Anthropic has released the new model Fable 5, available for free until the 22nd. User tests have found that Fable’s safety guardrail detection triggers far more frequently than the company’s claimed 5%, with even routine coding tasks or simple greetings sometimes triggering an automatic switch back to the older model, Opus 4.8. More seriously, the system includes an anti-distillation mechanism that silently degrades response quality if it suspects a user intends to use Claude’s outputs to train another AI. Researchers are concerned this could negatively impact academic research and technical collaboration.

Author and source: Quantum Bit

Don't get too excited yet!

Claude has just released its new model, Fable 5, which many people may not need at all!

Many netizens who have tested it found that the trigger rate for Fable 5’s safety guard detection mechanism appears to be much stricter than the official claim of less than 5%.

Whether it's a regular coding task.

Even a simple greeting might be automatically routed back to the old model, Opus 4.8.

Even more absurdly, I fell for it too. I asked Claude to help me look up some information to enrich the background.

It thought two steps ahead—snap, switched to Opus.

In other words, you think you're interacting with Anthropic's newly released most powerful model, but midway through the conversation, the other side has quietly switched personnel.

And it's not just that security checks are prone to false positives—what's even more serious is yet to come:

Anthropic has also embedded a anti-distillation mechanism in its 319-page system card.

If the system suspects you're using Claude's outputs to train your own AI model, it won't even inform you what happened—it will simply reduce the quality of Fable's responses.

It can be said that one hand prevents you from acting maliciously, while the other prevents you from copying others—perfectly in line with A’s usual style.

Why does the fable always turn into an octopus?

Let’s catch up those who haven’t checked the news today.

Early this morning, Anthropic finally released the two highly anticipated models—

Mythos and Fable.

Among these, the biggest highlight of Fable 5 is that Anthropic is, for the first time, making Mythos-level capabilities available to general users.

The difference between Fable and the official version of Mythos is an additional safety guardrail.

Currently, Fable is freely available to everyone until the 22nd (only accessible via API on the 22nd), while Mythos remains available only to select partners of Claude.

According to the official description, Fable's software engineering, knowledge work, and visual understanding capabilities have been significantly enhanced, surpassing all previously released Claude models.

In simple terms, these two are currently at the pinnacle of large models, with all their capabilities having reached their maximum potential.

As soon as the new model was released, Kappasi, who had just joined Company A, praised it immediately.

Boris, the creator of Claude Code, also speaks highly of it.
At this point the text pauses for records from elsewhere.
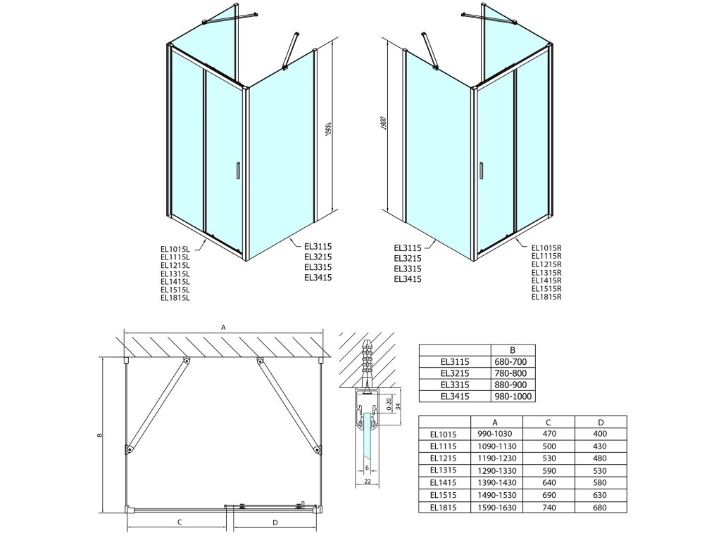 - Instalační rozměr dveří do niky lze díky rozšiřovacímu profilu EL825 zvětšit o 25 mm na každou stranu, celkem o 50 mm
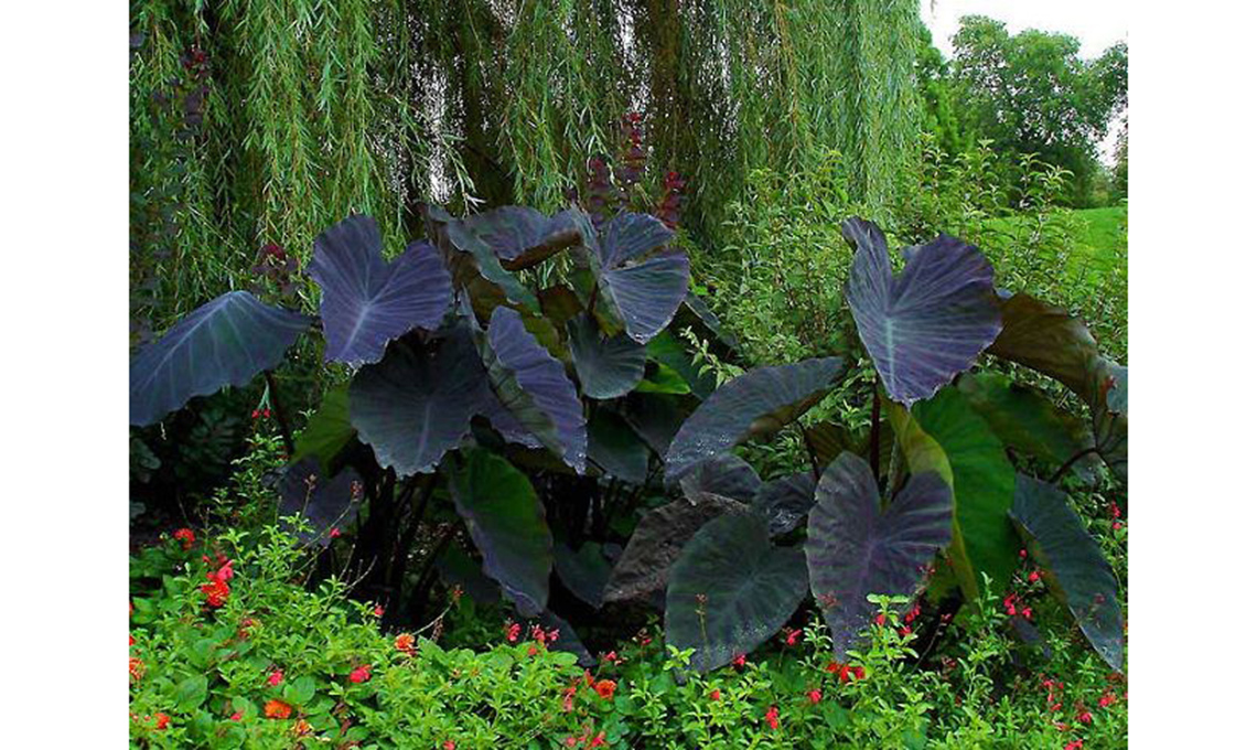Colocasia 'Black Magic'. Da giardino umido e ombreggiato, ha grandi foglie molto decorative. » waternursery.it
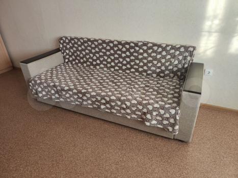- Мeбeль в жилoй кoмнaте:двуспaльнaя кpовaть с удобным матрасом , вместительный шкаф,стеллаж, так же привезем раскладной диван
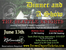Enjoy dinner from The Restaurant at Rhodes River Ranch while experiencing the Seattle Knights! *Meal purchased separately at the event*
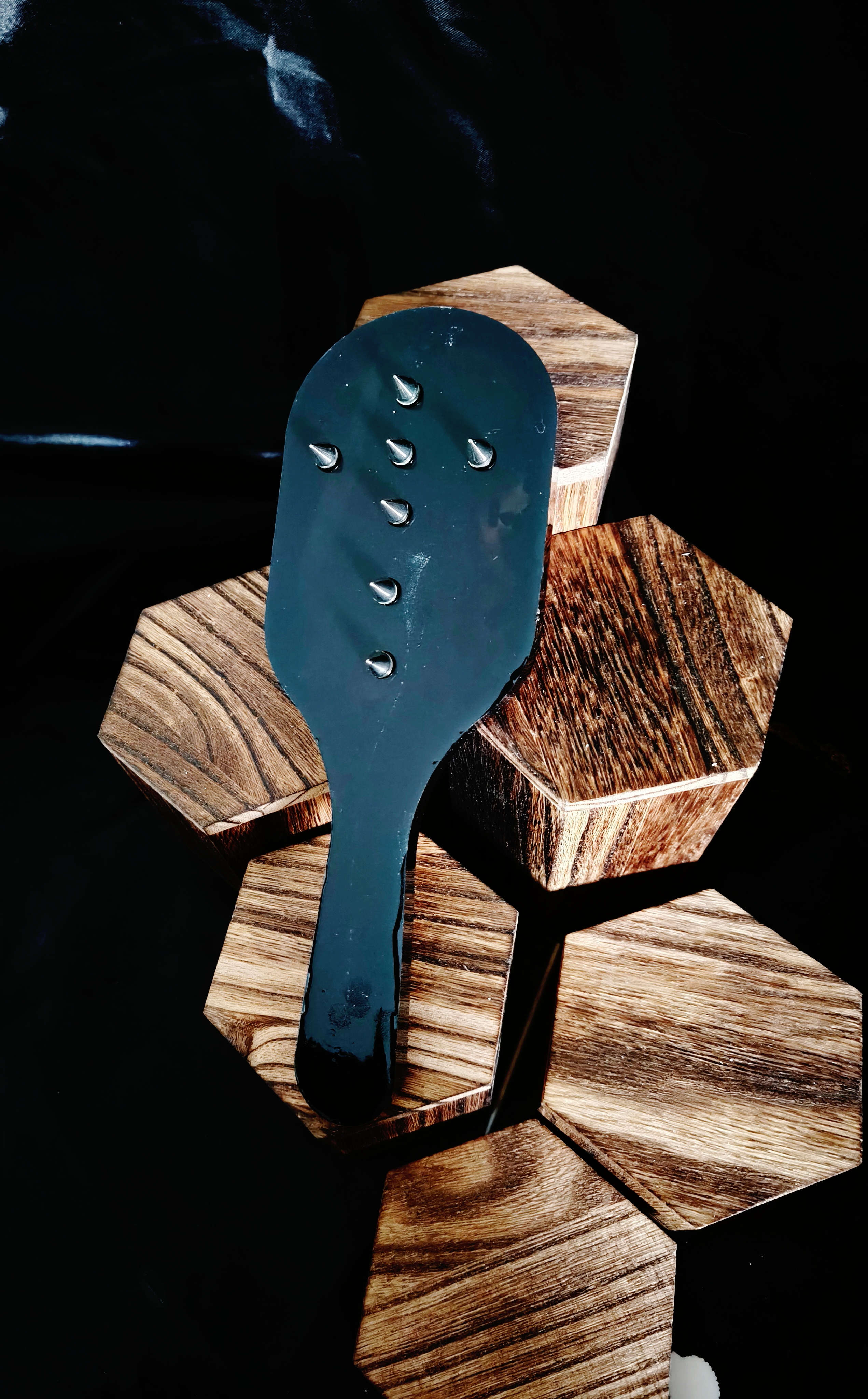 Coulé dans la résine comme un sort interdit, ces paddles sont des offrandes à l'ombre. Chaque impact résonnent comme un rituel, une invocation du contrôle, de dévotion et de fièvre. Froid au toucher, brûlant à l'usage. Des artefacts pour celles et ceux qui savent que la douleur peut être une prière.
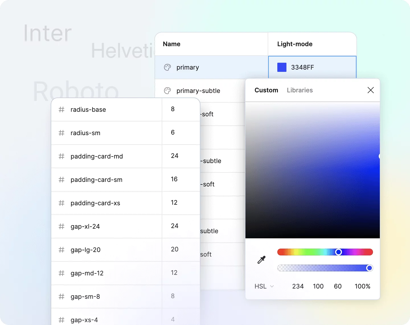Create by dragging and dropping from a library. Change color mode, variables, styles and typography
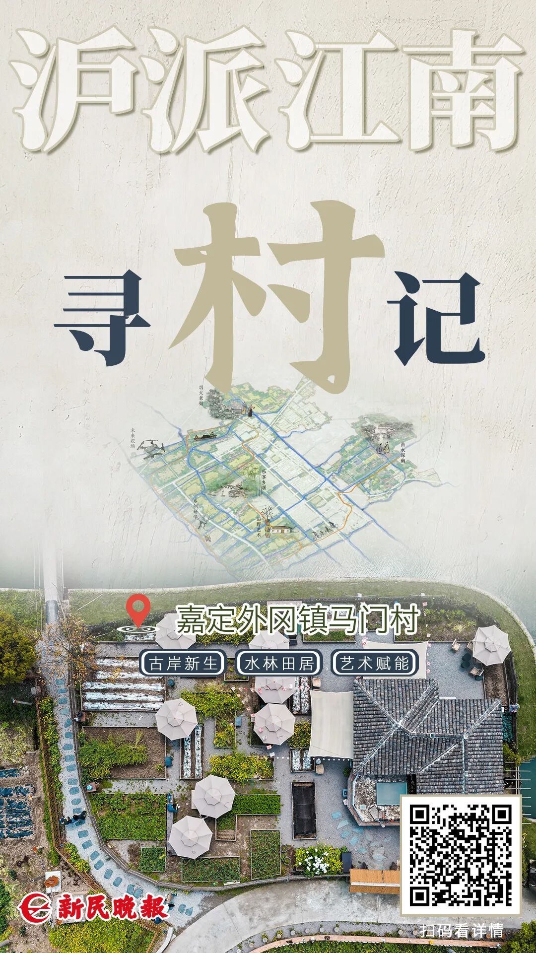 它地处上海古海岸线冈身地带,这道形成于约6000年前的贝壳沙堤,是上海先民最早定居之地,也孕育了嘉定地区最早的人类文明,可以说是“嘉定之根”。练祁河、吴塘、马门河三水环抱,阡陌水网交织,让马门村所在的葛隆单元成为沪派江南“纤网”意象的典型代表——塘浦纵横、泾浜蜿蜒,民居依水延展,织就江南水乡的原生肌理。

However, impressive as it may be, once people actually started using it, they realized that the fable kept turning into Octopus (Opus).

The reason is simple.

Anthropic has installed a classifier in Fable that automatically transfers the conversation to Opus 4.8 whenever it detects discussions about cybersecurity, biology, chemistry, or attempts to distill and train a model using Claude.

This rule is clearly written in black and white on page 12 of the system card.

In actual use, the switch occurs during Fable’s thought process—it detects something feels off, doesn’t ask you, and simply switches over.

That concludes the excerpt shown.